Frizbee

June 29, 2026 · View on GitHub

Frizbee is a SIMD typo-resistant fuzzy string matcher written in Rust. The core of the algorithm uses Smith-Waterman with affine gaps, similar to FZF. In the included benchmark, with typo resistance disabled, it outperforms Nucleo by ~4x and FZF by ~5x and supports multithreading, see benchmarks. When matching against unicode, it outperforms nucleo and fzf by 20x.

Used by blink.cmp, skim, and fff. Special thank you to stefanboca and ii14!

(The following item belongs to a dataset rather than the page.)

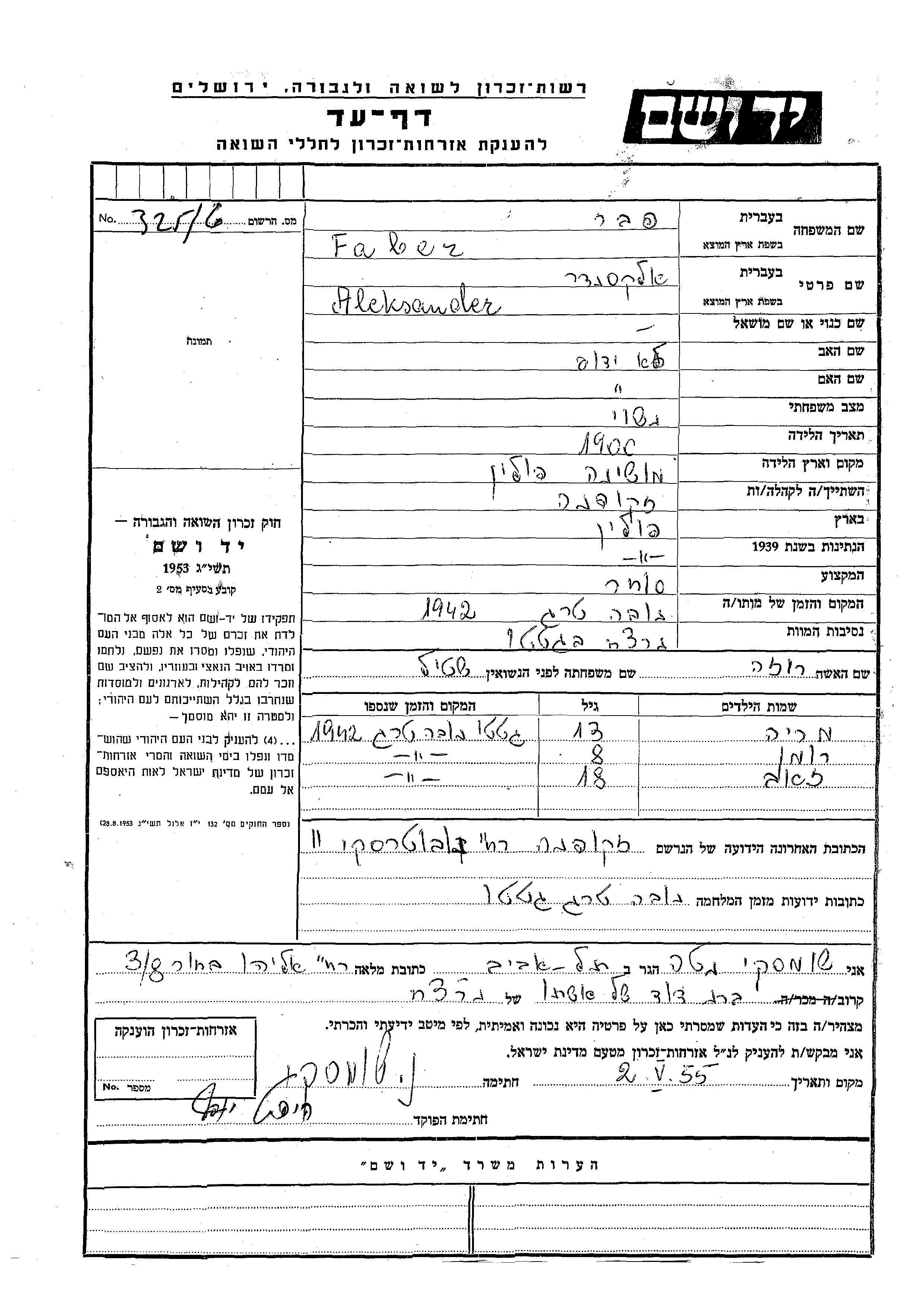 Yad Vashem - Pages of Testimony Names Memorial Collection

For commercial support, please contact me. I'd be happy to work with you directly! Also, please consider sponsoring me.

Usage

See the docs for more usage examples.

use frizbee::{match_list, match_list_parallel, Config};

let needle = "fBr";
let haystacks = ["fooBar", "foo_bar", "prelude", "println!"];

let matches = match_list(needle, &haystacks, &Config::default());
// or in parallel (8 threads)
let matches = match_list_parallel(needle, &haystacks, &Config::default(), 8);

Benchmarks

See BENCHMARKS.md

Algorithm

The core of the algorithm is Smith-Waterman with affine gaps and row-wise parallelism via SIMD. Besides the parallelism, this is the basis of other popular fuzzy matching algorithms like FZF and Nucleo. The main properties of Smith-Waterman are:

Always finds the best alignment
Supports insertion (unmatched char in haystack, basis of fuzzy matching)
Supports deletion (unmatched char in needle, basis of typo-resistance)
Supports substitution (haystack and needle char mismatch, basis of typo-resistance)

Prefiltering

Nucleo and FZF use a prefiltering step that removes any haystacks that do not include all of the characters in the needle. Frizbee does this by default but supports alternative algorithms to allow for typos. You may control the maximum number of typos with the max_typos property.

Nucleo uses memchr to ensure that the needle is wholly contained in the haystack, in the correct order. For case insensitive matching, it checks the lowercase and uppercase needle chars separately. For each character, it loads the haystack from the previously matched position and performs a sequential search via SIMD. This results in many unnecessary loads (for a needle of 6 chars with a haystack of length 32 with 16 byte wide SIMD, this would lead to 6 + 2 - 1 = 7 loads).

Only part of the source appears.